I know one or two people who really like Portrait Professional for general studio headshot work. They aren't making skin look plastic, thank goodness, but like it for reshaping noses and eyebrows and other nips and tucks. I've shown them how I do similar things in Photoshop (puppet warp, liquify etc) but they find PP quick and easy. So not a first hand recommendation, but it's a program worth keeping in mind.


----------



## pipnat51 (Jun 29, 2013)

I have just got Portrait Professional 11 Studio and it has downloaded into PSE11 but not into LR4.4 as well. It means that I have to access it by sending my photos into PSE for external editing and then accessing PP11 to carry out anything I want to do. In other words I can't get into it directly from LR. Has anyone got any ideas about this please?


----------



## Den (Jun 29, 2013)

In Lightroom, go to Edit>Preferences and set up there.


----------



## pipnat51 (Jun 30, 2013)

Thanks Den but the only way to do that is by defining PP as the external editor and by doing this LR replaces PSE in being this.

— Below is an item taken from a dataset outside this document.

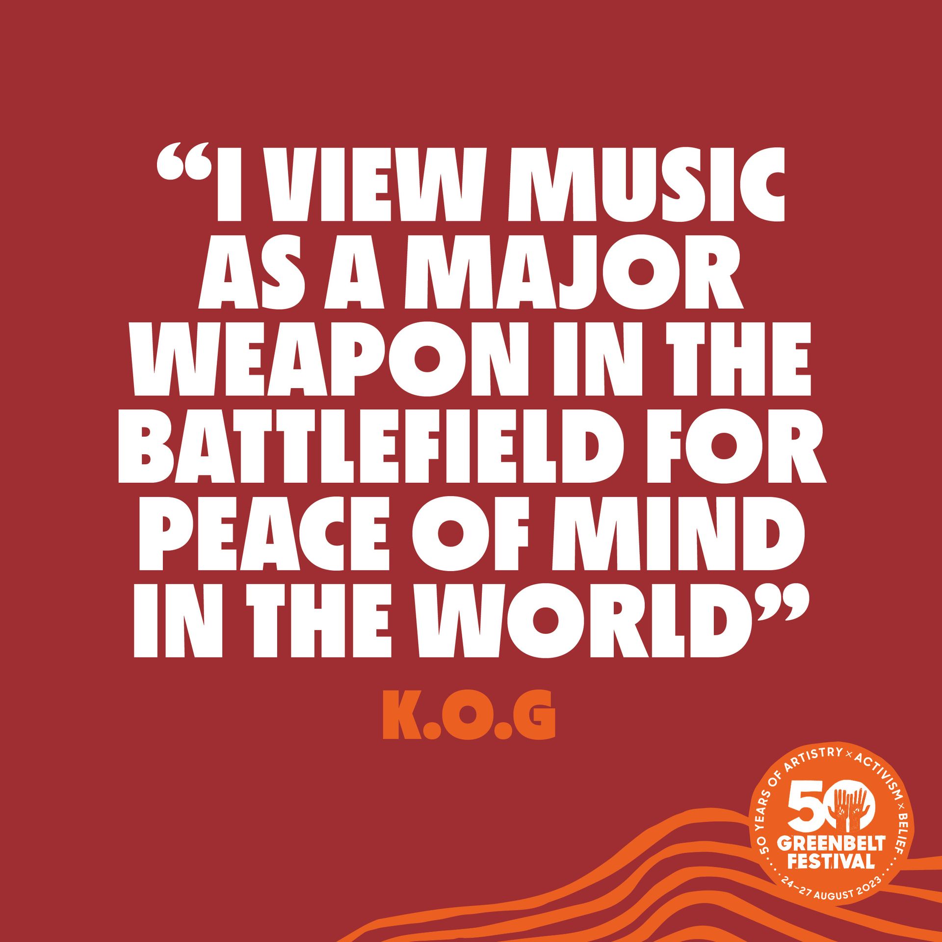 “I view MUSIC as a major WEAPON in the BATTLEFIELD for PEACE of MIND in the world.” – K.O.G 50 years of creativity as resistance. See K.O.G at Greenbelt Festival 2023. https://www.greenbelt.org.uk/buy-tickets/ #GB50 #GreenbeltFestival #Artistry #Activism #Belief
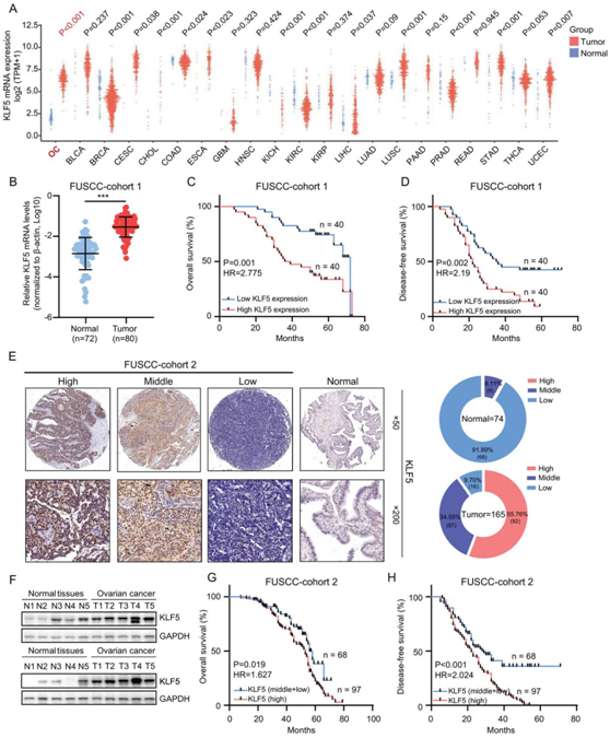 (A) TCGA 数据集中不同正常和肿瘤样本中KLF5的 mRNA 水平。 (B) FUSCC 队列 1 中正常和 OC 样本中KLF5的 mRNA 水平。(C-D) FUSCC 队列 1 中总生存和无病生存的 Kaplan-Meier 曲线。(E) FUSCC 队列 2 的 74 个正常组织和 165 个 OC 组织中KLF5的代表性免疫染色图像。(F) 正常组织和 OC 组织中KLF5蛋白水平的免疫印迹。 (G-H) 用KLF5蛋白水平分层的FUSCC队列2的总生存期和无病生存期的Kaplan-Meier曲线。

As I would use PSE more than PP I would rather keep it this way.


----------



## DaveS (Jun 30, 2013)

In the external edit section, in the bottom half of the dialog, you can add any number of additional external editors.   In the bottom section, use the choose button to find PP.  Once you have the settings how you want them, save the settings as a new preset (from the preset menu directly above the application choice).   Call it PP or something descriptive.   Then you can pick an image, and in the edit in section, you should see PP set up and ready to go.


Edited, cause I can't type today.


----------



## pipnat51 (Jul 1, 2013)

Hey Dave it worked! Many thanks .


----------



## DaveS (Jul 1, 2013)

Happy to see that you're good to go


----------